Prähabilitationsprogramme werden an jede Sportart angepasst und zielen auf die Vermeidung häufiger, durch die jeweilige Sportart hervorgerufener Verletzungen und Kraftdysbalancen ab.

 

Tennisspieler leiden beispielsweise häufig unter einer Schultersehnenentzündung. (Ein prominentes Beispiel hierfür war im vergangenen Jahr Tim Henman.) Die Entzündung wird oft hervorgerufen durch eine hohe Krafteinwirkung auf die Schulter beim Überkopfaufschlag sowie durch den Umstand, dass Tennisspieler Dysbalancen in der Schultermuskulatur entwickeln. Hier sind insbesondere die vorderen Schultermuskeln und die inneren Rotatoren im Vergleich zur hinteren Schulter und den äußeren Rotatoren zu stark ausgebildet.

Mit Hilfe der entsprechenden sportartspezifischen Information und dem Wissen, dass Schulterverletzungen sehr häufig sind, sollte der Personal Trainer oder Therapeut, der mit dem Tennisspieler arbeitet, Empfehlungen aussprechen. In diesem Fall wäre das z. B. die Integration von Übungen zum Aufbau der hinteren Schultermuskulatur und zur Kräftigung der Rotatorenmanschetten in das Krafttraining. Dies würde potenziellen Kraftdysbalancen vorbeugen und es dem Körper ermöglichen, den Krafteinwirkungen beim Aufschlag besser standzuhalten – also Pre-Habilitation statt Re-Habilitation. Es folgt eine kurze Zusammenfassung der häufigsten Verletzungen, der verletzungsspezifischen Sportarten sowie der empfohlenen Übungen zur Prehabilitation.

 

Schultersehnenentzündung

Sportarten: Schwimmen, Tennis, Speerwerfen, Diskuswerfen, Kugelstoßen

Wie schon vorher angemerkt ist eine Schultersehnenentzündung eng verbunden mit einer schwach ausgebildeten Muskulatur der Rotatorenmanschetten und Kraftdysbalancen in der Schulter. Die folgenden Übungen sollen Schulterverletzungen vorbeugen.

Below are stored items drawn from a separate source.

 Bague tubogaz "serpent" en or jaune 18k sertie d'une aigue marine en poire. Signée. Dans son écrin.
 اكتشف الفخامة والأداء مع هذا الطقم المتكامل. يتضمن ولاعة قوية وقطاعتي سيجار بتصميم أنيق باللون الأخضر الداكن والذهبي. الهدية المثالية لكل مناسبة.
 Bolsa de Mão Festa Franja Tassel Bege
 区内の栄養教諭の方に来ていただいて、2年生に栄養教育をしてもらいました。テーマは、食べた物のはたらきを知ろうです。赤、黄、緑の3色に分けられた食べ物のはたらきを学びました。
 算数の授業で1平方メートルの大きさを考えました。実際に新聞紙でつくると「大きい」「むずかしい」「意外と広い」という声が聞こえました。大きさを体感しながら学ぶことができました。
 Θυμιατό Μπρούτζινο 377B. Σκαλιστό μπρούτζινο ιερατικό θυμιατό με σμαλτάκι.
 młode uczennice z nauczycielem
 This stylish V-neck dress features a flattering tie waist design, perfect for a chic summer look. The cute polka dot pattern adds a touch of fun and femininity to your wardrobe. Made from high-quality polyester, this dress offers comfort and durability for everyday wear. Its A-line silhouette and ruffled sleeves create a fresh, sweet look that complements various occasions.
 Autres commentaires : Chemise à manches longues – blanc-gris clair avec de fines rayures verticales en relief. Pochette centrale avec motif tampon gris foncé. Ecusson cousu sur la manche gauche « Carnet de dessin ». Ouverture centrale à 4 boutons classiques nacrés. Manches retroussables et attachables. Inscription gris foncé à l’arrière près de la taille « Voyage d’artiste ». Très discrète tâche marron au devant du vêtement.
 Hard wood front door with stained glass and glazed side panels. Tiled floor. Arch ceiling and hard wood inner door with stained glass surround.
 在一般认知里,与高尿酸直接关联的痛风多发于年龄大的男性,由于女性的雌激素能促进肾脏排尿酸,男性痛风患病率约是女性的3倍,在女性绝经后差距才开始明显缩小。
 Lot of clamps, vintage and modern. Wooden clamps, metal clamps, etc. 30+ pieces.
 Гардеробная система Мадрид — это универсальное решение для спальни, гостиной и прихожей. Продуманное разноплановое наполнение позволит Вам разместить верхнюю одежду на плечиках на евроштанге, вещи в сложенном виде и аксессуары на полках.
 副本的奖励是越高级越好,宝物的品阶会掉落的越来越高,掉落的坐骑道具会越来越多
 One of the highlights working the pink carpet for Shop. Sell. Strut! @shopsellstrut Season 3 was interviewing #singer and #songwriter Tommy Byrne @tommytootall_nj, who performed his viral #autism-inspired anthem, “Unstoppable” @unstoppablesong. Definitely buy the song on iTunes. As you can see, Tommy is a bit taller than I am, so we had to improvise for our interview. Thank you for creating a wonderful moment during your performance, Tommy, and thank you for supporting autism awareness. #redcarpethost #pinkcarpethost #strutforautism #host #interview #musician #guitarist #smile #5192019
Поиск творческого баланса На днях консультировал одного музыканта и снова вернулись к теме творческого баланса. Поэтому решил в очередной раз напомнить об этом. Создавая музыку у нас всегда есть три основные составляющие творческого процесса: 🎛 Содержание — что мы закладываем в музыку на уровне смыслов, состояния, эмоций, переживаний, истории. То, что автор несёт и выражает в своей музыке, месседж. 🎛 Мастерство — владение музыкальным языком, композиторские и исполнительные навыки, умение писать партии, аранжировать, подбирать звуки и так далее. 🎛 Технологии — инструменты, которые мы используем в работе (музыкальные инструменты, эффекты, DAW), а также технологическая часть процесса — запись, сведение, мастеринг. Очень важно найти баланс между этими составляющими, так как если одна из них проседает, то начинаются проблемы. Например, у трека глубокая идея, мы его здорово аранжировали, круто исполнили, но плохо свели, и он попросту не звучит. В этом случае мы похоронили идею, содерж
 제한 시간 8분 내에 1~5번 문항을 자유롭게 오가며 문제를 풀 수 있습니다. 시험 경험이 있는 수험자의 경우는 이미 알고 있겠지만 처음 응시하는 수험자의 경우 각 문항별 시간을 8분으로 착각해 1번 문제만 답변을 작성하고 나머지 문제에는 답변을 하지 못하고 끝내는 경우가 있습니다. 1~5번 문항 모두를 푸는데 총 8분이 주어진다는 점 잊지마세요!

  • Rückwärtiger Schulter-Diagonalzug mit Trainingsband: Diese Übung trainiert den gesamten hinteren Deltamuskel, die Rautenmuskeln, den kleinen und großen Rundmuskel, den Ober- und Untergrätenmuskel (siehe Abbíldungen  unten).
  • Einarmiges Rudern: Diese Übung trainiert den hinteren Deltamuskel, die Rautenmuskeln, den Kappenmuskel sowie den breiten Rückenmuskel.
  • Schulter-Außenrotation mit Trainingsband: Diese Übung trainiert den Untergrätenmuskel und den kleinen Rundmuskel sowie die hintere Schultermuskulatur.
  • Abb.: Schulter-Außenrotation mit Band

    Tennis-/Golfellbogen

    Sportarten: Tennis, Golf

    Diese Verletzung wird häufig durch eine schlechte Spieltechnik hervorgerufen, infolge derer die Muskulatur der Handgelenke zu stark belastet wird. Diese Belastung kann etwas vermindert werden, indem die Handgelenkmuskeln, insbesondere die Streckmuskeln, gestärkt werden.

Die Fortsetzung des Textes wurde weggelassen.